Sunscreens Not Covered
One example of opaque labeling involves sunscreens, which are regulated by the FDA as drugs, not cosmetics — and therefore not covered by this latest missive. Physical sunscreens that use super-small titanium dioxide or zinc oxide aren’t labeled as containing nanoparticles, making it difficult to suss out what’s inside without knowing the background (one hint: if it goes on clear, it’s nano!).
Face creams and lotions, which are covered by the draft guidelines, often don’t carry a “nano” label, either. The FDA’s new guidelines on cosmetics say “they must be safe for consumers under labeled or customary conditions use, and they must be properly labeled.” It’s unclear whether that means labeling active ingredients, or including the particle size on the list.

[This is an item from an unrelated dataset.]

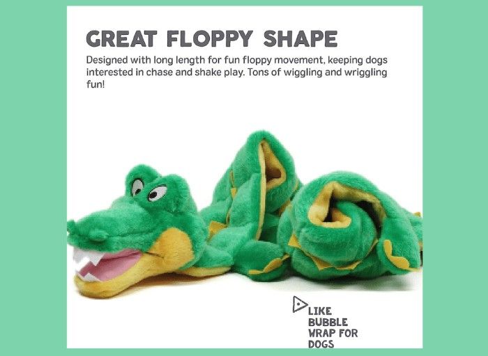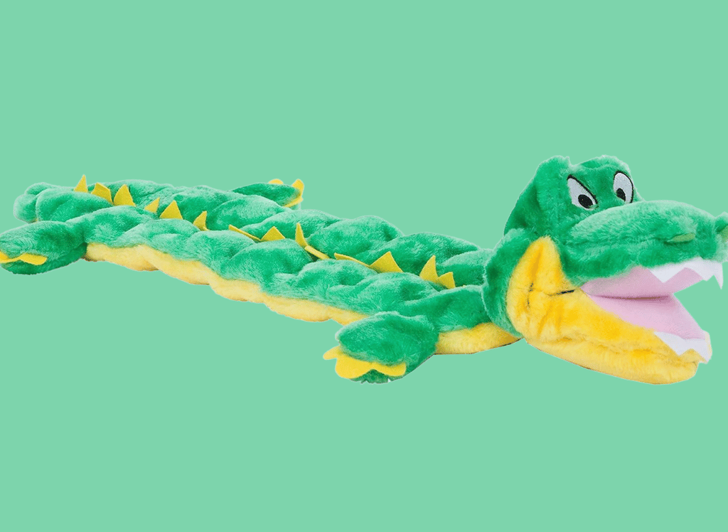 The Squeaker Matz line of dog toys is designed for pups who love to lay, tug, dig and bite squeaky toys. Specifically, the XL Gator toy comes with 16 built-in squeakers offering hours of playtime that won't easily be punctured through.
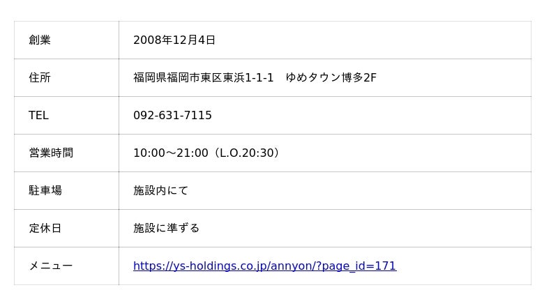 アンニョン 福岡ゆめタウン博多店

Keefe said the agency expects the discussion with industry and advocates to begin now, with the comment period open (you can comment on the drafts here). If these guidelines are general in places, it’s because the FDA doesn’t want to specify a test or other assessment for a particular area, only to encounter pushback from a manufacturer when the agency wants more information.
“We don’t want to tie our hands,” he said.
As for the somewhat voluntary nature of the open-door invitation, Keefe said, the pressures of the market should help push companies to start talking. A food additive maker, for example, is developing a product to sell to another company — which wants to know about safety and exactly what’s on the ingredients list. That should push manufacturers to be transparent, he said.
If someone wants to break the law, they will, he added. The FDA is betting that most companies don’t.
“I think for the most part, the companies are going to see it’s in their best interest to play right, to follow the rules,” Keefe said.